Ever since the statute quia emptores the tying up of real property has been regarded as an evil that is incompatible with the free and liberal circulation of property as one of the inherent rights of a free people. In order to prevent this evil two doctrines were established: One that all interests should be alienable; the other that all interests. must arise within certain limitations of time. The latter doctrine is known as the rule against perpetuities. It is the first doctrine with which we are concerned.

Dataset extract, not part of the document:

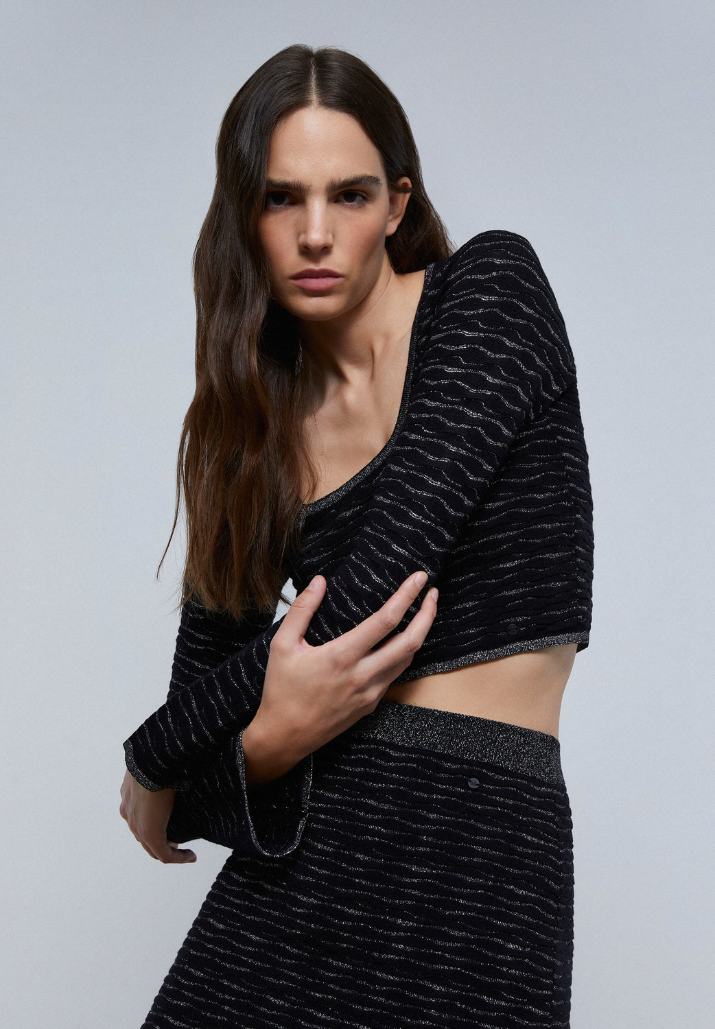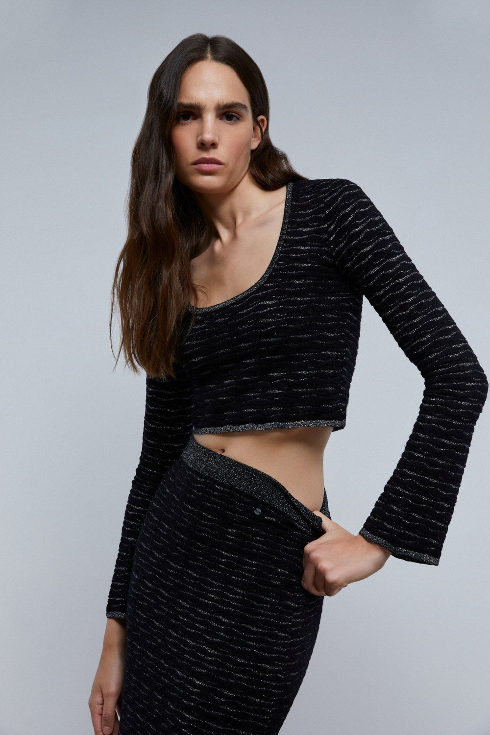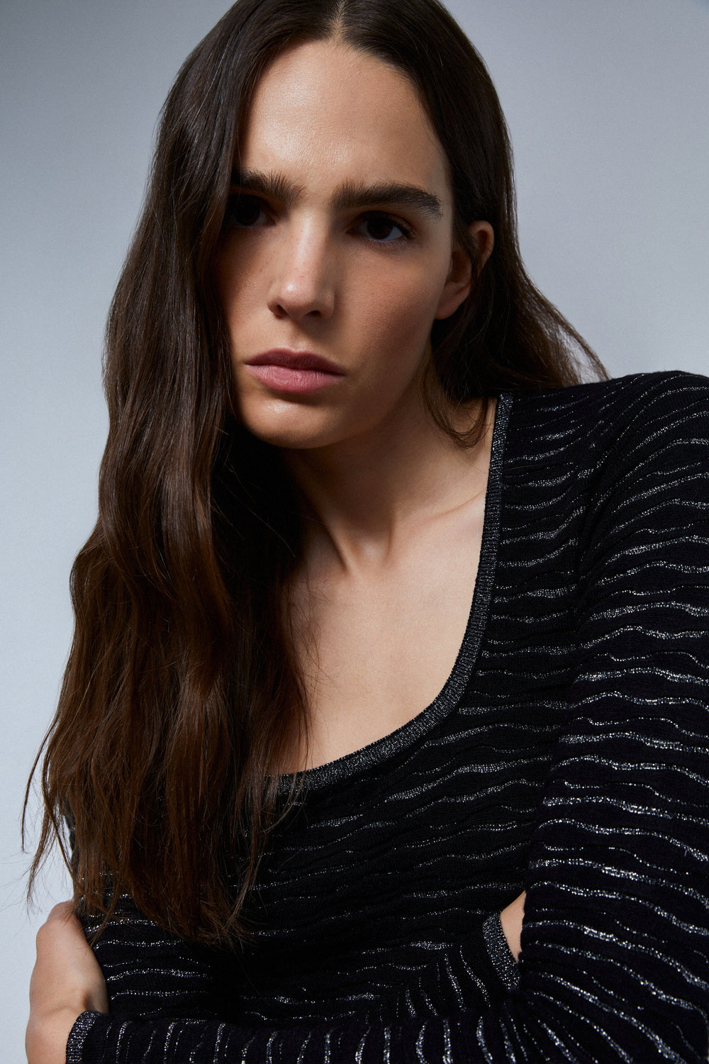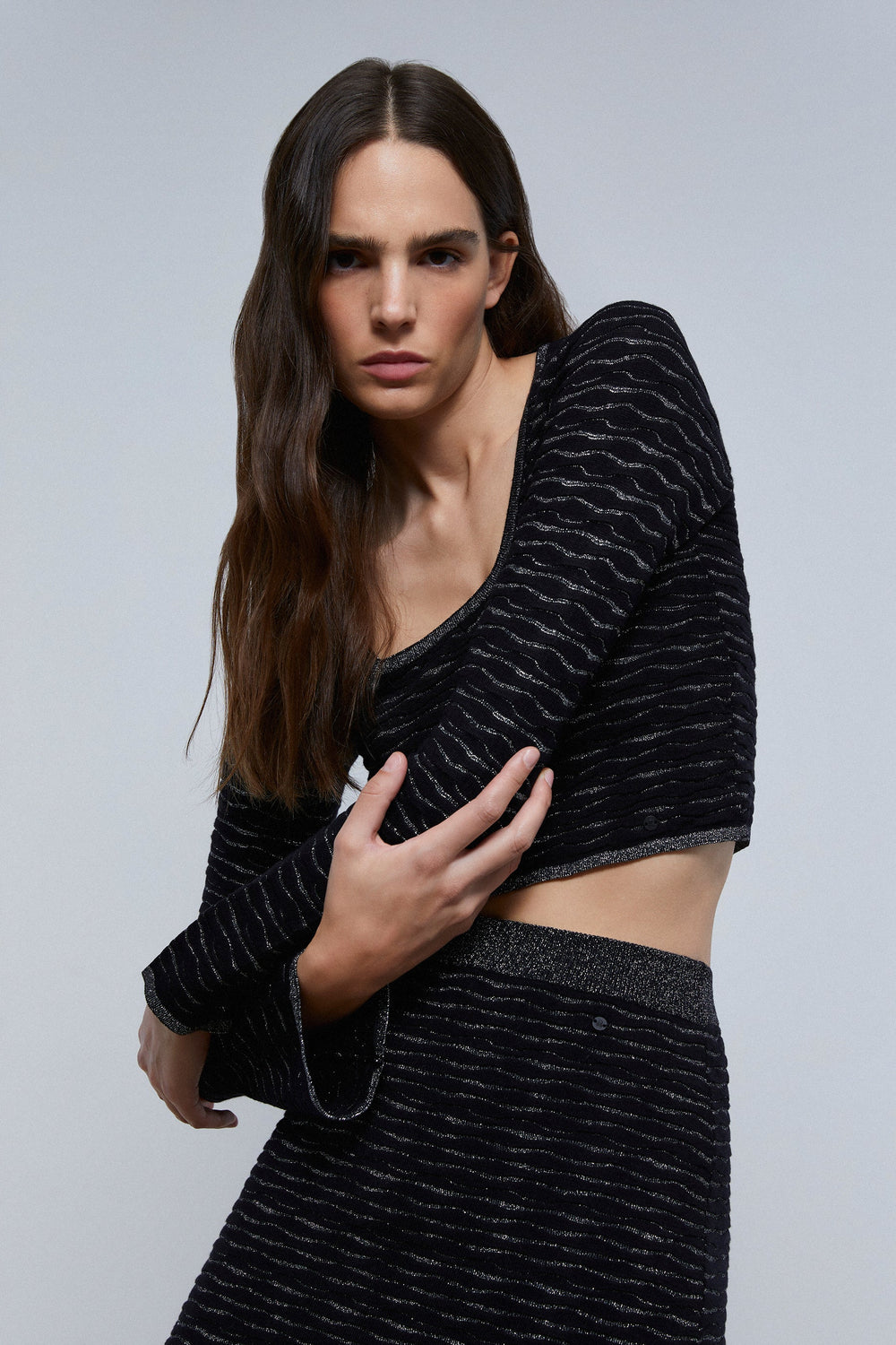 TOP DE MALHA COM FIO METALIZADO E PORMENOR ATRÁS

The rule that conditions restraining alienation, when repugnant to the estate conveyed, are void, is founded on the postulate that the conveyance of a fee is a conveyance of the whole estate, that the right of alienation is an inherent and inseparable quality of an estate in fee simple, and that, therefore, a condition against alienation is repugnant to, and inconsistent with, the estate conveyed. To transfer a fee and at the same time restrain the free alienation of it is to say that a party can grant and not grant, in the same breath. But the rule is not founded exclusively on this principle of natural law. It rests also on grounds of clear public policy and convenience in facilitating the exchange of property, in simplifying its ownership and in freeing it from embarrassments which are injurious not only to the possessor, but to the public at large.

In the deed in question here, the restraint upon alienation is not absolute, either as to persons or time. As to persons, it is partial; as to time, it is temporary. The restraint, as to persons, is limited to three classes, namely, persons of African, Chinese, and Japanese descent. As to time or duration, the restraint is limited to a little over fourteen years, or until January 1, 1925.

The decisions respecting the validity of a restraint that is only partial as to persons or temporary as to time are in a state of conflict and hopeless confusion. Some, particularly the Kentucky cases, which admittedly are against the weight of authority (Bonnell v. McLaughlin, 173 Cal. 216 [159 Pac. 590]), hold that if the restraint be total as to persons but only temporary as to the time of its duration, and the time is not unreasonable, the condition is valid. (Lawson v. Lightfoot, 27 Ky. Law Rep. 217, [84 S. W. 739].) Others hold that if the restraint be total as to persons but temporary as to time, the condition is utterly void, no matter how short the time may be. (Mandlebaum v. McDonnell, 29 Mich. 78, [18 Am. Rep. 61]; Latimer v. Waddell, 119 N. C. 370, [3 L. R. A. (N. S.) 668, and note, 26 S. E. 122]; O'Connor v. Thetford (Tex. Civ. App.), 174 S. W. 680.) And there are other cases that hold that if the restraint be partial as to persons, and the restricted class is so large that the restraint is unreasonable, the condition is void. (Manierre v. Welling, 32 R. I. 104, [Ann. Cas. 1912C, 1311, 78 Atl. 507].) Still others hold, or seem to hold, that any restraint whatever as to persons, however partial, is void. (Barnard's Lessee v. Bailey, 2 Harr. (Del.) 56; Williams v. Jones, 2 Swan (Tenn.), 620. See, also, Bradford v. Leake, 124 Tenn. 312, [Ann. Cas. 1912D, 1140, 137 S. W. 96].)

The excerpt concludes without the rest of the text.